- YOUR TASK -
The required output is the exact run of lines in the listing below from the line holding "加拿大在四百接力打敗強敵美國後，四位選手高興地互擁慶祝。" through the line holding "Ватанни чуқурроқ англаш имкони", with no pictures.
■ ■ ■ ■
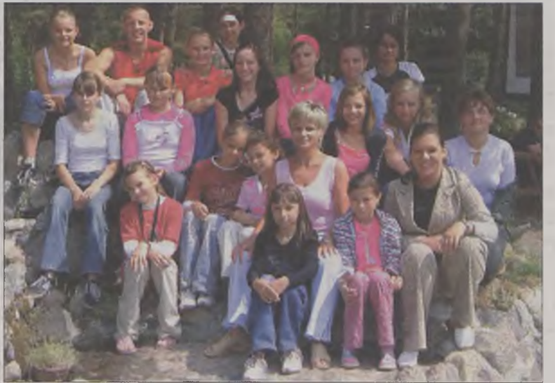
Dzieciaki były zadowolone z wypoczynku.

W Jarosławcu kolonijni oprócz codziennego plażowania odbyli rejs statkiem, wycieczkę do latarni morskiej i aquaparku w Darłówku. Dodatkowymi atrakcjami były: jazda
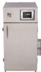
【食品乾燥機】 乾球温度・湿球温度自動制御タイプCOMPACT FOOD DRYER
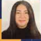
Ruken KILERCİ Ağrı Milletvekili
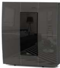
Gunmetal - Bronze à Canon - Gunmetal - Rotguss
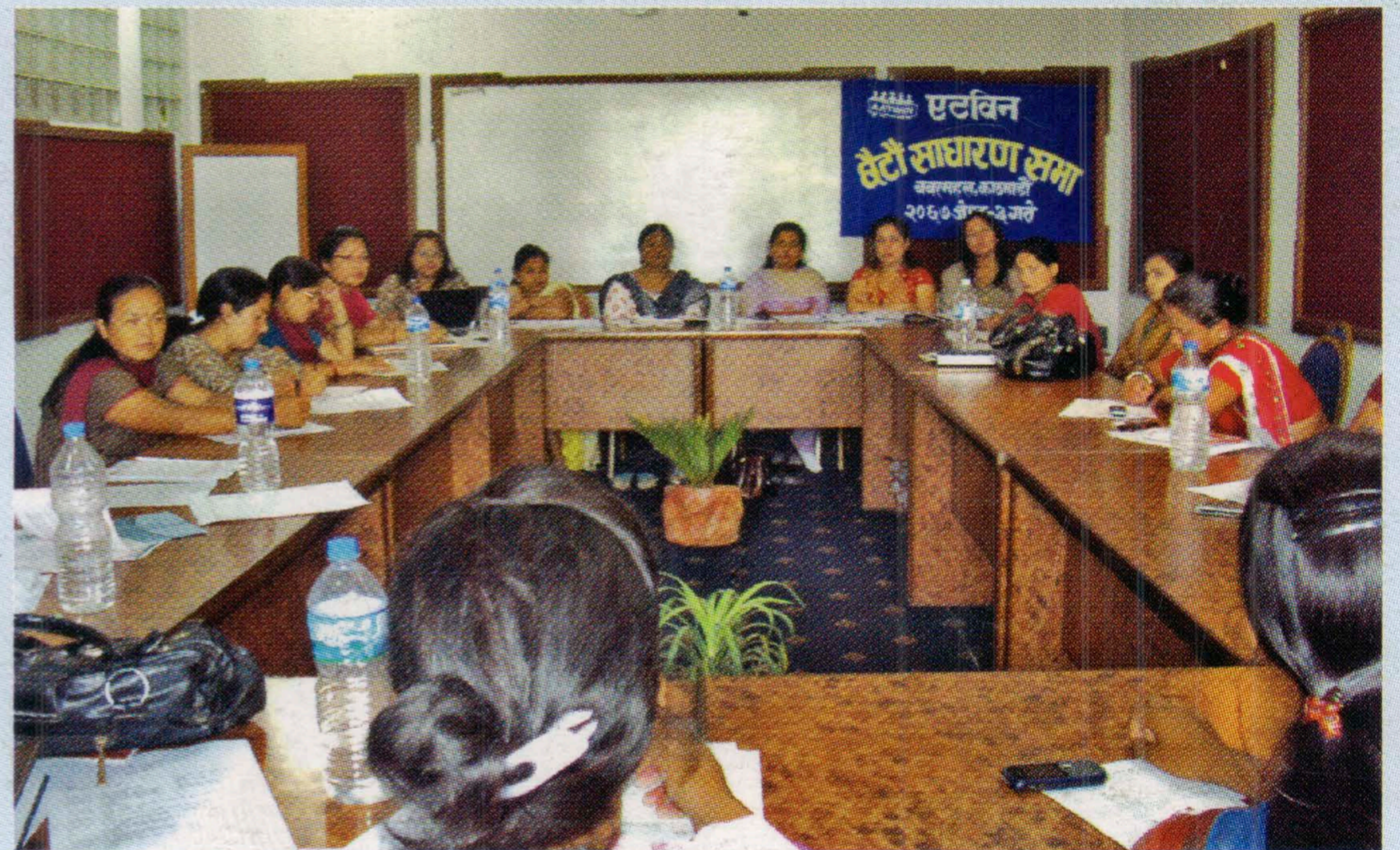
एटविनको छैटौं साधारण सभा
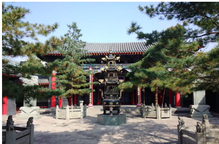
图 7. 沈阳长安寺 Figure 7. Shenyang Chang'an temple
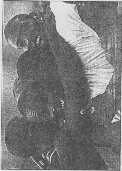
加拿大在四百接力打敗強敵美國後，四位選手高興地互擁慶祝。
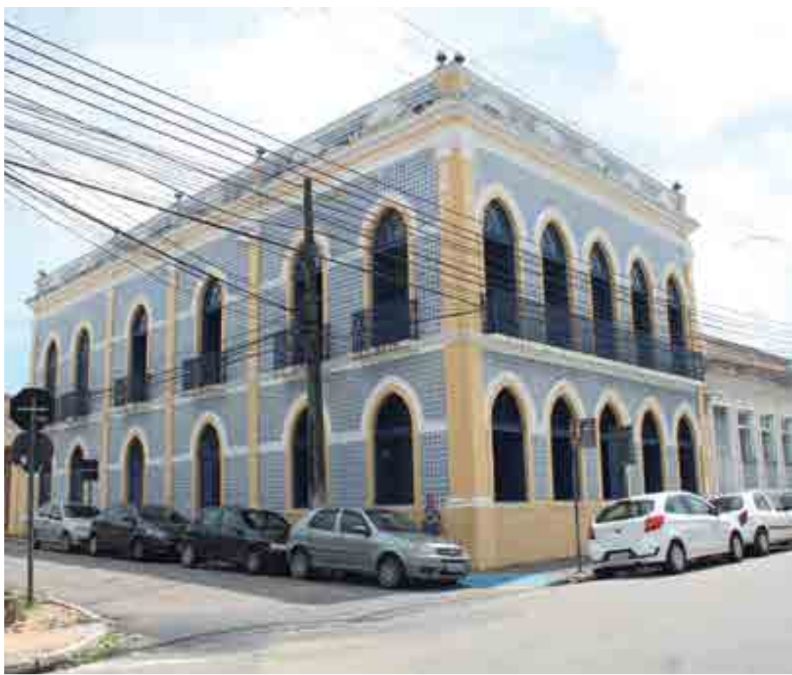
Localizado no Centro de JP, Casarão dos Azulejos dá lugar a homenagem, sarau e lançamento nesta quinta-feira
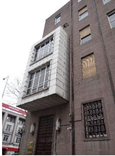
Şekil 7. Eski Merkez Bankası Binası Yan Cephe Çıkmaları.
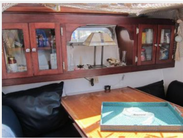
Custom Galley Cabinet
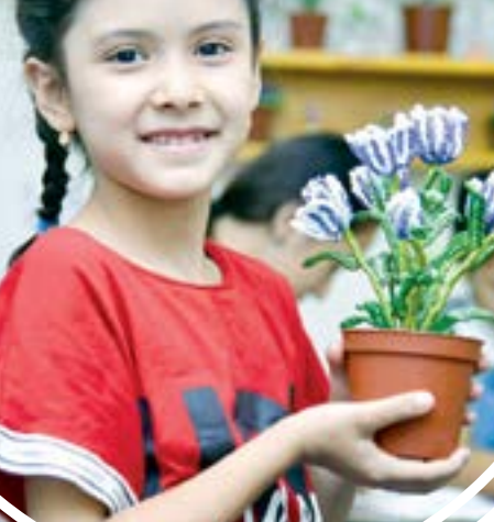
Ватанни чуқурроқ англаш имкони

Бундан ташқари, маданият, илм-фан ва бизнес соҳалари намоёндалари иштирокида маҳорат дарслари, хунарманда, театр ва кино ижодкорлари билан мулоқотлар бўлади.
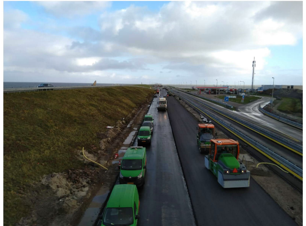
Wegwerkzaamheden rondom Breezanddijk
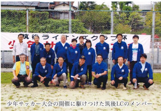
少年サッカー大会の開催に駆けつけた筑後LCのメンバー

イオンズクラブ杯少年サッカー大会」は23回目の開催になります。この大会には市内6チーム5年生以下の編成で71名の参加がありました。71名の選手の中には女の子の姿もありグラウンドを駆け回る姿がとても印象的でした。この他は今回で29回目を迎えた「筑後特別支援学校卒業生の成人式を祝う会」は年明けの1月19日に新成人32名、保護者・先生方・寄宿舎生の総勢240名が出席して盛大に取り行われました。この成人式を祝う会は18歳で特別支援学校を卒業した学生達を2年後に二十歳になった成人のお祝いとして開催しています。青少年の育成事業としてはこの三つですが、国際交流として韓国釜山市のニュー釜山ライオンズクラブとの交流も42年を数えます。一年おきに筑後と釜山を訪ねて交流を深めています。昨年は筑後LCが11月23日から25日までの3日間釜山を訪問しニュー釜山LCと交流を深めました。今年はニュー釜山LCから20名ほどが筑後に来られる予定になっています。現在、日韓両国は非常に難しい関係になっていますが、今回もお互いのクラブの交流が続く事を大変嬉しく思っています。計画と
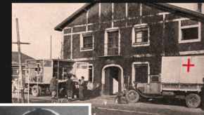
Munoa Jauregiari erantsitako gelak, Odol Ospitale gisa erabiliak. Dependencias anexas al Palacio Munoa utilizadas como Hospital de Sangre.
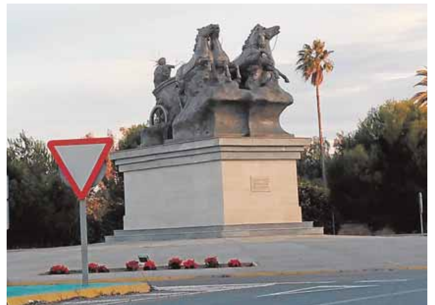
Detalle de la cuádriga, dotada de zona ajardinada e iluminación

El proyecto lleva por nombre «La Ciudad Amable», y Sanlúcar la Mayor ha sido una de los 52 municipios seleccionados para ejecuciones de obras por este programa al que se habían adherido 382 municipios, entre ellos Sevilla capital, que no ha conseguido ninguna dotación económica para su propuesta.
■ ■ ■ ■
- ANSWER TO THIS EXERCISE -
加拿大在四百接力打敗強敵美國後，四位選手高興地互擁慶祝。
Localizado no Centro de JP, Casarão dos Azulejos dá lugar a homenagem, sarau e lançamento nesta quinta-feira
Şekil 7. Eski Merkez Bankası Binası Yan Cephe Çıkmaları.
Custom Galley Cabinet
Ватанни чуқурроқ англаш имкони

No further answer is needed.